══ Stored data

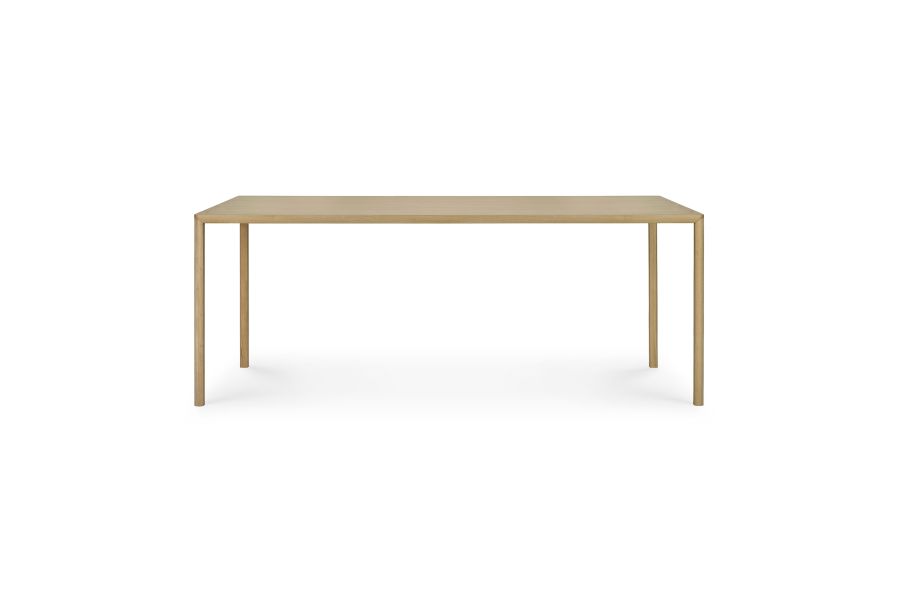 Het tafelblad lijkt moeiteloos te zweven boven de strakke, afgeschuinde poten. De eiken Air is een sterke en slanke eettafel vermomd in een eenvoudig, strak en minimaal design. Geïnspireerd door de lichtheid van het gelijknamige bed.LET OP; de voorraad is
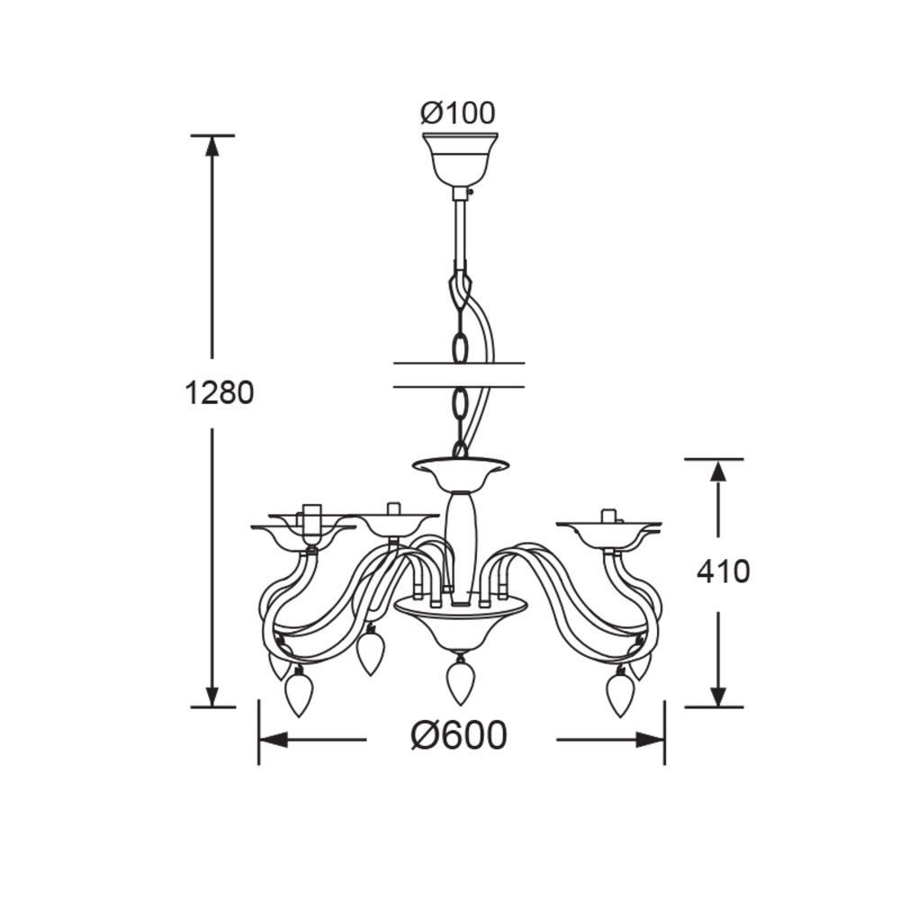 ΚΡΕΜΑΣΤΟ ΑΚΡΥΛΙΚΟ ΔΙΑΦΑΝΟ 5Χ40W Ε14 53x H43cm FIRENZE
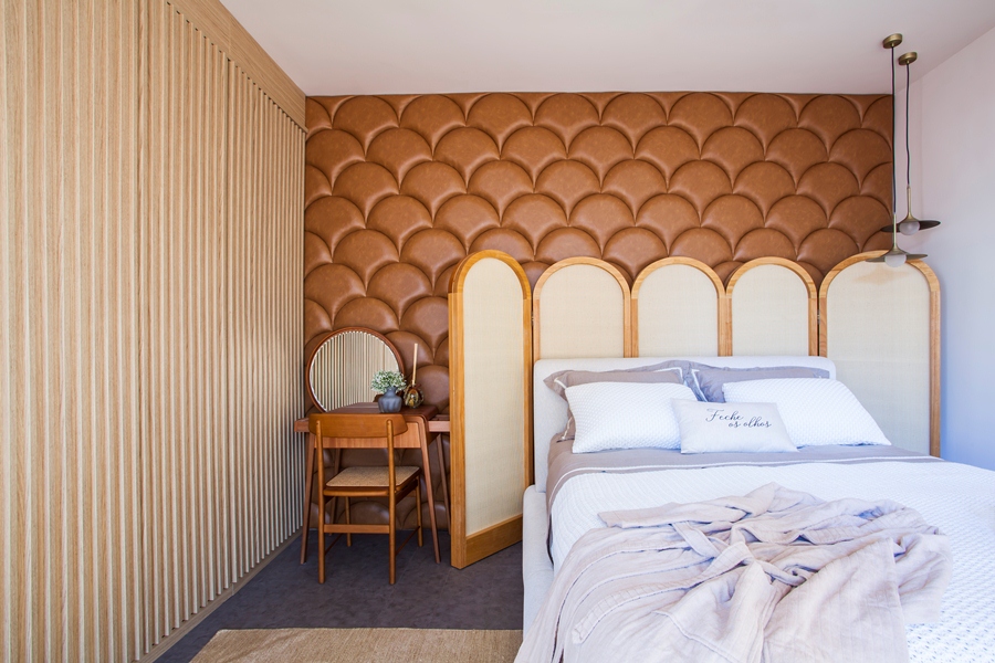 Independente do estilo ou tendências, conforto é o principal item quando se projeta um dormitório. Depois é só garantir que não seja um ambiente engessado, e sim em sintonia com a personalidade de quem vai ocupar o espaço. Na Suíte do Casal, assinada por Mariane Bassegio e Nando Machado, o contraste entre conceito urbano e a forma como a natureza complementa e acolhe é o destaque. Já na entrada do quarto, o closet numa versão desconstruída ganhou vida — não é só o lugar para guardar roupas e sapatos, mas também para estar, com objetos de decoração e de memórias.

════

### [Your assignment]
Please write out, word for word, each line from the one with "ΚΡΕΜΑΣΤΟ ΑΚΡΥΛΙΚΟ ΔΙΑΦΑΝΟ" to the last line of the data, keeping both ends and omitting pictures.

### [Exercise answer]
 ΚΡΕΜΑΣΤΟ ΑΚΡΥΛΙΚΟ ΔΙΑΦΑΝΟ 5Χ40W Ε14 53x H43cm FIRENZE
 Independente do estilo ou tendências, conforto é o principal item quando se projeta um dormitório. Depois é só garantir que não seja um ambiente engessado, e sim em sintonia com a personalidade de quem vai ocupar o espaço. Na Suíte do Casal, assinada por Mariane Bassegio e Nando Machado, o contraste entre conceito urbano e a forma como a natureza complementa e acolhe é o destaque. Já na entrada do quarto, o closet numa versão desconstruída ganhou vida — não é só o lugar para guardar roupas e sapatos, mas também para estar, com objetos de decoração e de memórias.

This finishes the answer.